I don’t know if it’s because I have a best friend who is dirty blonde and from Seattle, because River Phoenix is (as both an actor and a person ) so compelling, or because the aesthetics are real and just right, but somehow this film stirs in me an emotional curiosity that I have not felt for some time.
I believe every artist’s work can be imagined as an arc. Zoom in and, as with a sound wave, you will be able to see microscopic squiggles, ups and downs that form the greater arc. Always the artist is working toward what he or she imagines to be his or her most significant work, but it is almost as though there is an unseeable force, something that may be classified as fate or zeitgeist, guiding the situation. At some point, without warning and without an awareness of it happening, all of the pieces will fall into place (the right people, the right context, the right content) and the artist will make the undeniable thing that has been building inside for so long: a classic.

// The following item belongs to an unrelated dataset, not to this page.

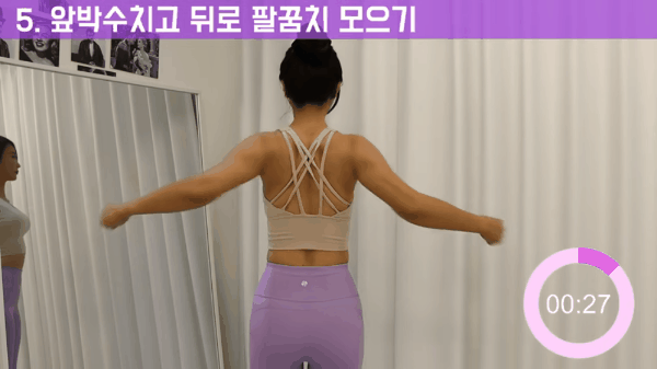 5. 앞에선 박수를 치고 뒤로는 팔꿈치를 모으며 견갑골을 모아줍니다.
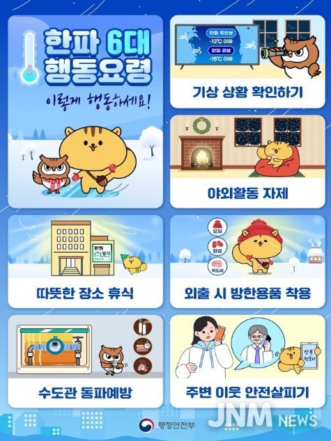제이앤엠뉴스 | 행정안전부는 1월 20일부터 25일까지 전국 대부분 지역에 한파가 이어질 것으로 전망됨에 따라 김광용 재난안전관리본부장 주재로 관계기관 대책회의를 개최하고, 오늘(19일) 17시부로 한파 재난 위기경보 수준을 ‘관심’에서 ‘주의’ 단계로 격상한다고 밝혔다.

My Own Private Idaho is magical because it is fantastical yet moves like real life. The slow peeling back of the onion-like layers of River Pheonix’s character is far more effective than any sensory onslaught with swelling music and tear-jerking imagery. He is, in looks and emotional aspect, like James Dean—someone you want to love and be loved by, a tough exterior encasing great intellect and tenderness, someone you want to bring close and protect from the world.
What I draw from My Own Private Idaho is that the human experience is a great story unto itself: the equal mysteries of your closest friend and the universe at large. Great art takes that mystery, that deep, penetrating sadness and joy and desire for completeness, and translates it into a powerful vibration, which can be felt in the body for days, months, years, or even a lifetime.